За стенами домика все сильнее и сильнее шелестели листьями встревоженные приближающейся грозой деревья.

– И знаешь ещё что, Юра, – обернулся на пороге «незадачливый мушкетёр», – весь вечер, с самого того момента, когда эти двое навязались на нашу голову, у меня было ощущение, что они те самые двое, ну те, молодые, с которыми я днём договаривался, но только, как-то, непостижимым образом на тридцать лет постаревшие…, бред конечно, потому что такого нет и быть не может…, да только вот, сидит у меня это до сих пор в башке и всё тут!

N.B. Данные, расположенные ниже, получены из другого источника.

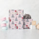 Helgdag som är papper med snöflingor, nallar och Julgranar på sötens rosa.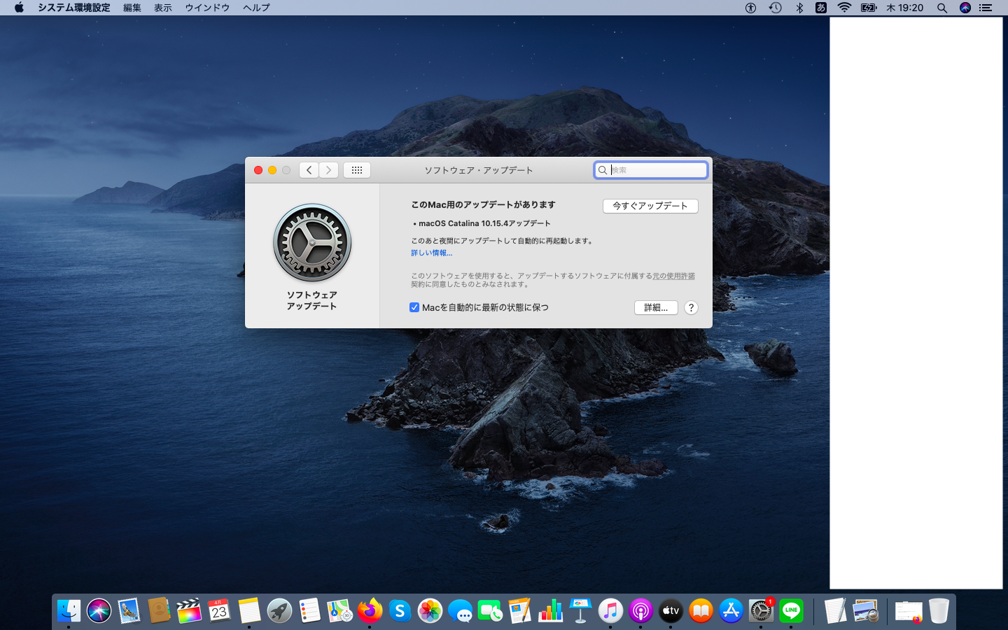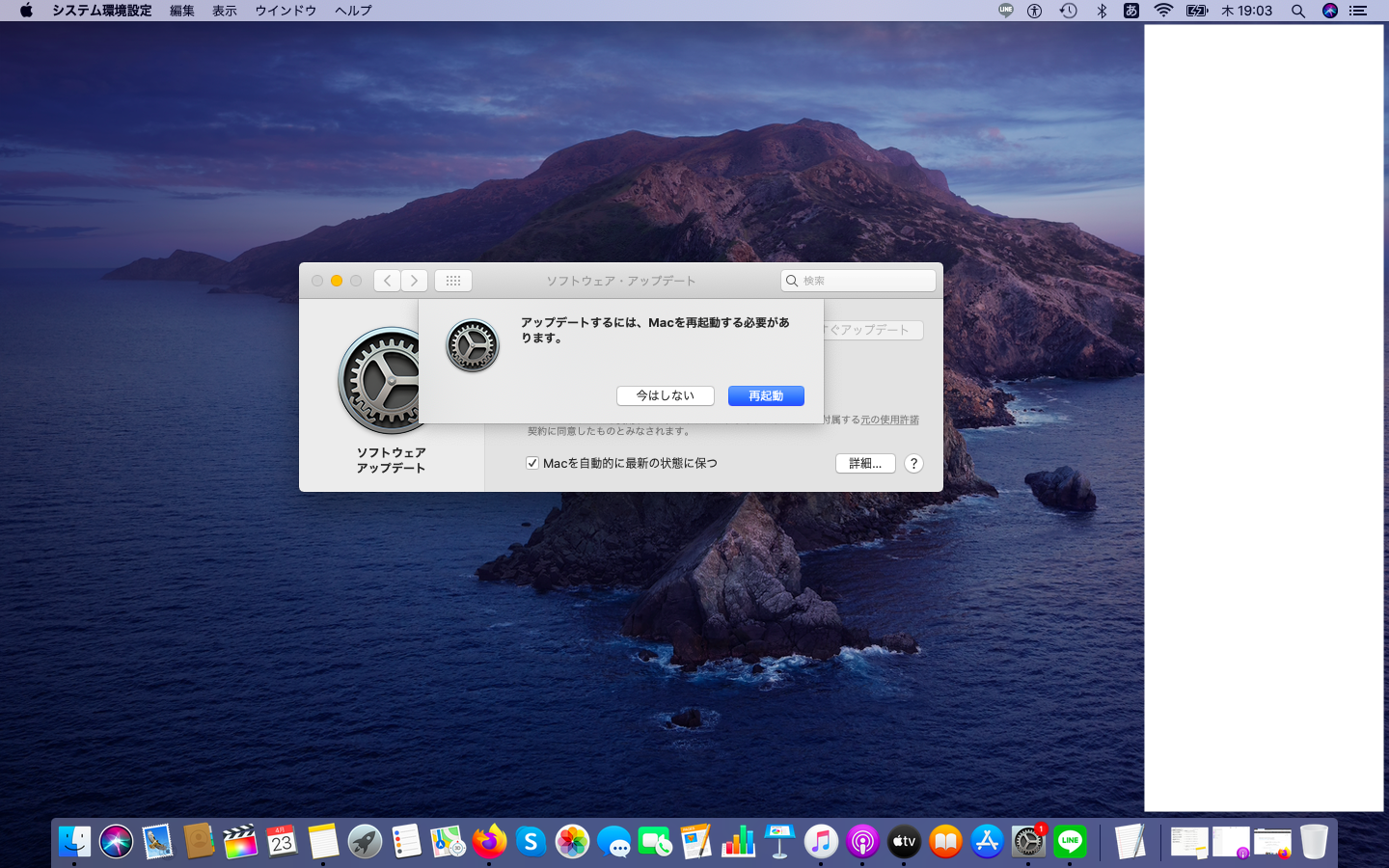 OS10.15.4をアップデートしたいのですが、再起動しても何の変化も無くまた同じ画面で今すぐアップデートをクリックしてもまた同じ事の繰返しです。ご回答ください。宜しくお願い致します。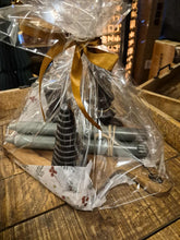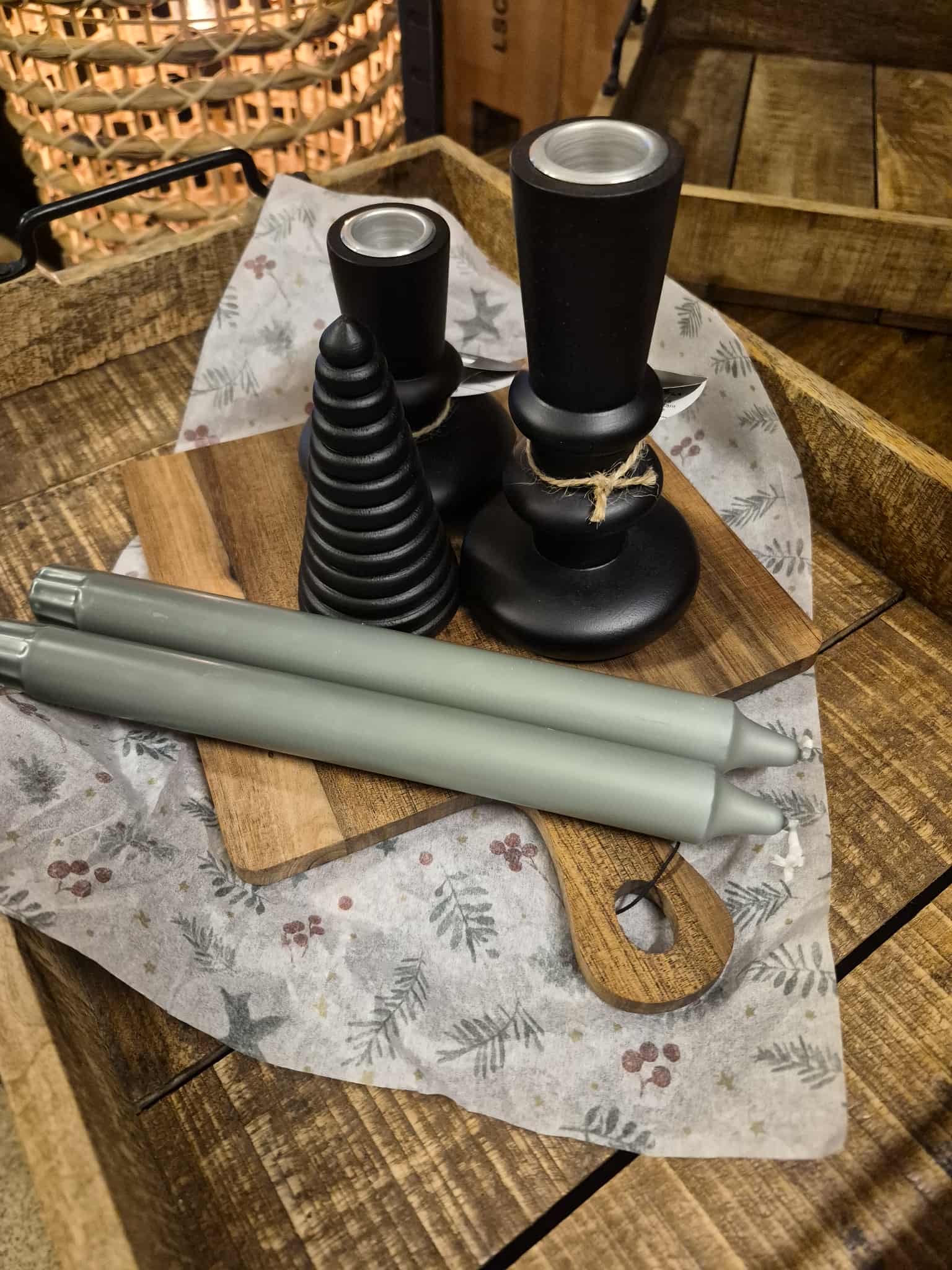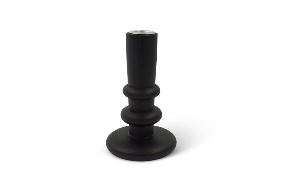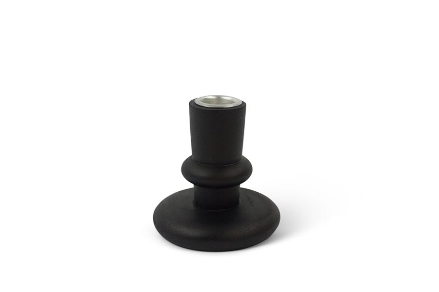 Tveir svartir viðar kertastjakar 13,5cm og 8,5

– Слушай, Петь, а откуда они, тётки эти, из какого министерства?

– Министерство финансов. А вот какое именно: союзное или федерации, это я что-то запамятовал, – ответил сосед уже из-за двери.

Сладко-сладко спавший под хлюпающие звуки дождя и незлобное порыкивание грома, Андрюша проснулся. На улице, в абсолютном мраке окружающем дачный домик, стояла какая-то девственная тишина, изредка возбуждаемая всплесками тяжёлых, полновесных капель и робким перекликом ранних птах. Липко-тяжёлый, как растаявший тёплый холодец, воздух внутри помещения понемногу освежался развеиваясь льющимся снаружи холодком. Снизу, из родительской спальни, слышался то удушливый храп отца, то невнятное бормотание. Юрий Венедиктович потому и не любил спиртное, что не только тяжело болел похмельным синдромом, но и каждый раз, заснув «навеселе», разговаривал по ночам, устраивая иногда целые «радио спектакли», о чём ему утром иронично-горестно рассказывала жена. Андрей прислушался к становящемуся всё более и более отчётливому разговору отца с кем-то неведомым.

– А! Вот ты оказывается какая!… Ух,… Ух, Настюха!… Да, я тебя счас!… Ах, ты блядища-то оказывается какая!… Вот, счас, я тебя вот так!… Ну держись!… Уву-уву-увувуву!!! – завопил, совсем как Колька-дурачок, Андрюшин отец, закряхтел деревянными пазами сотрясающийся старенький диван, и всё стихло. А через несколько тягостно тягучих мгновений, леденящую кровь тишину «разбил» спокойно холодный голос Юрия Венедиктовича:

– А эта тварь как здесь оказалась? А ну брысь…, ты смотри, не хочет! Ну-ну…

Послышался увесистый удар по чему-то мягкому и в то же мгновение истошный кошачий вой.

– На тебе! На тебе! – уверенно попадал по мечущемуся в закрытой комнате животному «опытный садист».

С обмирающим от ужаса, лихорадочно стучащим сердцем, Андрей торопливо сбежал вниз по лестнице и распахнул дверь в родительскую спальню. Взбешённая, чёрная котяра дико завывая выскочила из душной как парилка комнаты и царапая когтями ступеньки взлетела на второй этаж в Андрюшину комнату. Потом послышался треск разрываемой натянутой на окно марли и «незваная гостья» тяжело шлёпнулась вниз на картофельную ботву.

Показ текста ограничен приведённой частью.